Some folks are saying that expected value doesn’t work for an isolated event. I don’t know if that’s true or not, but it’s certainly irrelevant, because there’s no such thing as an isolated event. Over any person’s lifespan, that person will have many, many opportunities to make bets, and even if any given bet is available only once, there will be some other bet available tomorrow. And over a lifetime, the person who takes all the positive-expectation bets and declines all the negative ones will usually come out ahead of the person who takes any other strategy.

That said, I still can’t fight the hypothetical enough to assume that the bet as described is fair. Given the situation as described, the best estimate for the expected value of this bet is equal to the negative of the cost for playing. Anyone who assumes any other EV for this thread is assuming some other situation than the one described.

I’m jumping on this bet at $900 … no hesitation … 5% player take …

I don’t think anyone is arguing otherwise. Of course each individual bet has only a 2% chance of winning.

However, the point is being made that if unlimited bets are allowed, then the gambler will win more than they lose if they bet less than $1,000 per chance.

Then you don’t understand what the word “funny business” means. It refers to trickery. The OP says there is no trickery involved.

You’ve posted twice where you’ve made excuses not to answer the question as asked. You just keep looking for a loophole rather than trying to play the game honestly.

No. It is not wacky at all. Most people can’t afford to just give $50 away, which is what you are doing 98% of the time. Expected value is not a useful metric by which to determine one-time bets.

That’s not extreme poverty. That’s normal living. Most people do not have savings accounts and live from paycheck to paycheck. Some people have a little more than that, but they get a 100% chance of spending it on something they’d enjoy instead of a 98% chance of wasting that money.

I can’t afford $50 to spend. I definitely can’t afford to keep spending it until I win–if that were even an option. I’d have to spend $750 before I had more than a 50% chance to get the $50,000. And I cannot just go get a loan–if I could, then I’d just go get $1500 and then guarantee $50,000. At that point, even an extra $750 is a pointless amount to care about.

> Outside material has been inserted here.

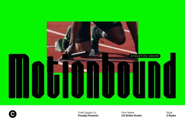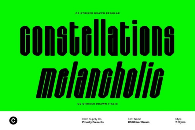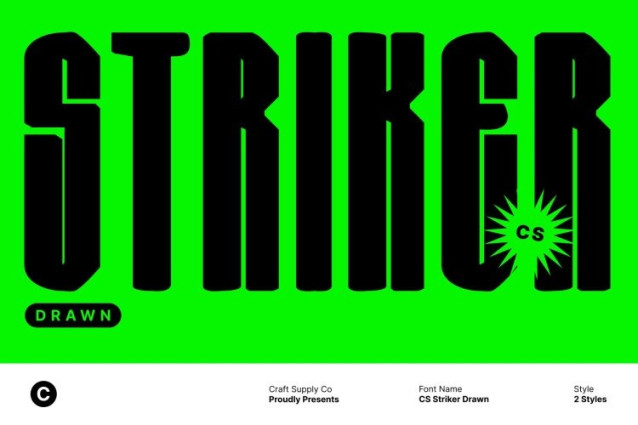 CS Striker Drawn Font – This is a condensed sans serif font designed to deliver maximum impact within limited space. Its tight proportions and strong construction create a bold, modern appearance that feels confident and assertive. The compact structure allows designers to fit more characters without sacrificing clarity, making it highly effective for layouts that demand both efficiency and visual power.

Money doesn’t work the way these simplified math problems would lead you to believe. Lost money is worth more than found money, and smaller amounts of money are worth more per unit than larger amounts of money.

In fact, I’m rather sure that how much money each poster makes would be the best determiner in aggregate about how much they were willing to spend on this bet. Because money has a different value based on what you already have.

There is no cumulative effect in this bet. Each individual bet is 98% likely to lose. No matter how many times you do it, you stand there, money in hand, deciding yet again to make a bet which has a 98% chance of losing. It does not mean that if you bet a hundred times, (or even 500 times,) you are sure to win eventually.

The odds are 98% that you are just giving money away.

Chronos is correct to say that over a lifespan, those who only take good bets will come out ahead of those who take worse bets. But that does not mean they’ll come out ahead of someone who doesn’t bet.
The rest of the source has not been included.